Well, here's an instance where we had a non-significant effect if we ignore x,

and then a significant effect when we include x, okay?

So there's no simple rule that says this is always what will happen with

adjustment.

Pretty much any permutation of going from significant to non-significant, staying

both significant, staying non-significant, flipping signs, all of them can occur.

9:24

Here's the final example like this I'd like to show, and

this just considers an instance where we would surely get this wrong

if we were to assume the slopes were common across the two groups.

Obviously, the slopes are different.

And we know how to fit a model like this.

If we were to fit a model that said,

y = beta naught + beta 1 * our treatment effect,

+ beta 2 * x, + beta 3 treatment, * x + epsilon.

That would fit two lines with different intercepts and different slopes,

and we could get a fit like to this data set.

Another important thing to ascertain for

this data set is there is no such thing as a treatment effect.

If you look right here, the red and the blue,

there's no evidence of a treatment effect.

If you look right here, there's a big evidence that blue

has a higher outcome than red, and if you look over here,

there's a lot of evidence that red has a higher outcome than blue.

And the reason, the interaction is the reason

that this main treatment effect doesn't have a lot of meaning.

The end result is that this coefficient,

the coefficient in front of the treated effects, which just spits out of course,

is not interpreted as the treatment effect by itself.

You can't interpret that number as a treatment effect.

As we can see from this picture,

there is no such thing as a treatment effect for this data.

The treatment effect depends on what level of x you're at.

So you can't just read the term from the regression

output associated with the treatment and act as if it's a treatment effect,

if in fact, you have an interaction term in your model.

So that's an important point, but this also just goes to show how adjustment can

really change things if you have a setting like this where you have not just

adjustment, but so-called modification.

Okay, so again that was a crazy simulation.

This just summarizes some of the points.

You often see interactions, but

you rarely see interactions that start, but still, nonetheless, they can occur.

And then I want to reiterate that nothing we've talked about is specific to having

a binary treatment and a continuous x.

In this case here, we have our same outcome, y.

But in our x1 variable is continuous and our x2 is continuous, but because

it's kinda hard to show 3 variables at the same time, x2 is color coded.

So higher lighter values mean higher, and

more red darker values means lower, okay?

So in this case, if you look at this plot you would say there isn't much of

a relationship between y and x1, however,

lets look at this in three dimensions, and then I need a different setting.

I need something where I can rotate the plot around.

So, I'm going to use RGL, and it's pretty easy.

You can, this doesn't show how I generated the x1, x2, and y,

that's in the mark down document, but here, I'll show you how to get it.

So there's the plot or data set that's equivalent cuz I reran the simulation.

And here's our plot.

So here's exactly that plot recreated,

16:12

Okay, and then for automated model selection, which is another process that

you'll talk more about in your machine learning class, that's a different thing.

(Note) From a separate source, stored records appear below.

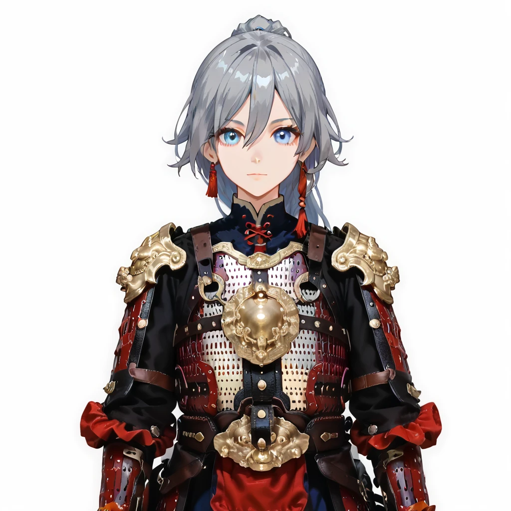 fu hua,armor,blue eyes,hair between eyes,boots,grey hair,shoulder armor,gauntlets,breastplate,ponytail,in the face,tassel,sheath,sheathed,, earrings, jewelry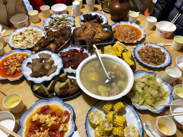 一大桌子非常丰盛,不够还可以加,还有青稞酒任你喝,篝火晚会气氛非常好,大家都玩的很尽兴,和摩梭...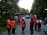 eine steile Böschung hinab und am Kanal entlang zu den bereits wartenden Bussen.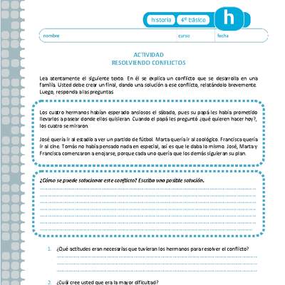 Resolver conflictos, aplicando estrategias como determinar la causa del problema, proponer posibles soluciones, dialogar, buscar un punto de vista común y votar, entre otras, demostrando respeto y empatía por las partes involucradas para mejorar la convivencia en el curso y en la comunidad escolar.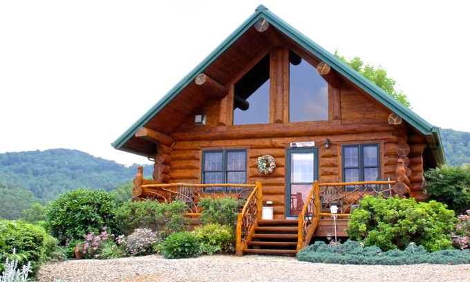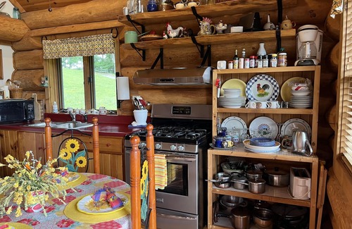 This alluring cabin and our larger cabin 'Country Haven' are situated on 1 1/2 acres privately owned land nestled on a knoll among rolling hills with majestic mountains in the background. As you relax on the rocking chair porch you will enjoy the scenic views along with the country sounds of chickens, cows ,horses, and wild turkeys on the neighboring land.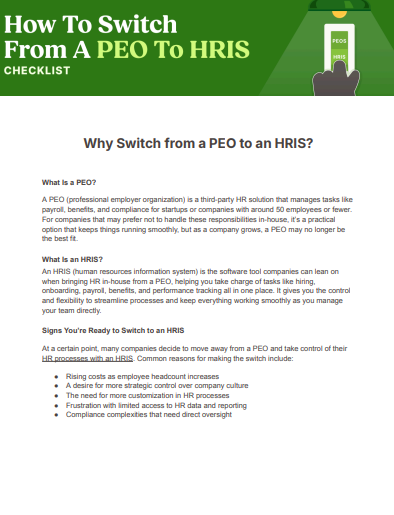 Whether you’re ready to switch from a PEO to HR software, or wondering what switching solutions would even look like, download our FREE checklist for a simple, step-by-step guide to making the change. Discover how easy upgrading your HR strategy can be!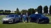 KINA OG ITALIA: BYD-sjef Stella Li mellom to Inter-representanter – flankert av Denza Z9 GT og BYD Sealion 7.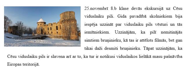 8.b klases ekskursija uz Cēsu pili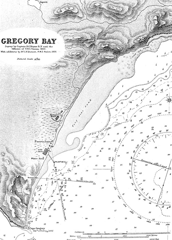 La carta náutica del Almirantazgo Británico de 1935 muestra la cámara fría y el muelle de Puerto Sara, pero es probable que los rasgos a tierra hayan sido renovados erráticamente desde la medición original de la carta en 1869.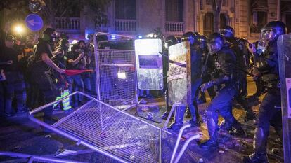 La ANC quería celebrar “sentadas” de dos horas frente a las sedes de las delegaciones y subdelegaciones de Gobierno en Cataluña. Pero algunos manifestantes convirtieron la protesta en una batalla campal prendiendo fuego a barricadas y contenedores y lanzando todo tipo de objetos, piedras, incluso bengalas, contra los Mossos y la Policía, que cargaron juntos y con dureza. Los incidentes han sido especialmente crudos en Barcelona, donde ha tenido lugar la concentración más numerosa con 40.000 personas según la Guardia Urbana. Un total de 125 personas han tenido que ser atendidas por los servicios sanitarios durante las protestas de todo el día.
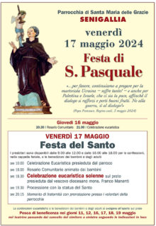 La Parrocchia di Santa Maria delle Grazie in Senigallia invita alla tradizionale festa di San Pasquale Baylón, venerdì 17 maggio 2024.

And I don't think it's particularly well suited for

painting interpretable coefficients.

It's data for obtaining good predictions with respect to a loss function.

So that's a different process.

I think there's no substitute if you're doing model building with a regular

data set where you want interpretable coefficients to getting your hands dirty,

getting the team of people that are working with on it together,

some with the right scientific expertise, some with the statistical expertise, and

some with the computing expertise, and so on, all together to fit the models.

And if there's a big change in coefficients after different adjustment

strategies, well, then those need to be discussed and

vetted and the benefits and side effects, and

downsides of each of the models should be discussed, okay.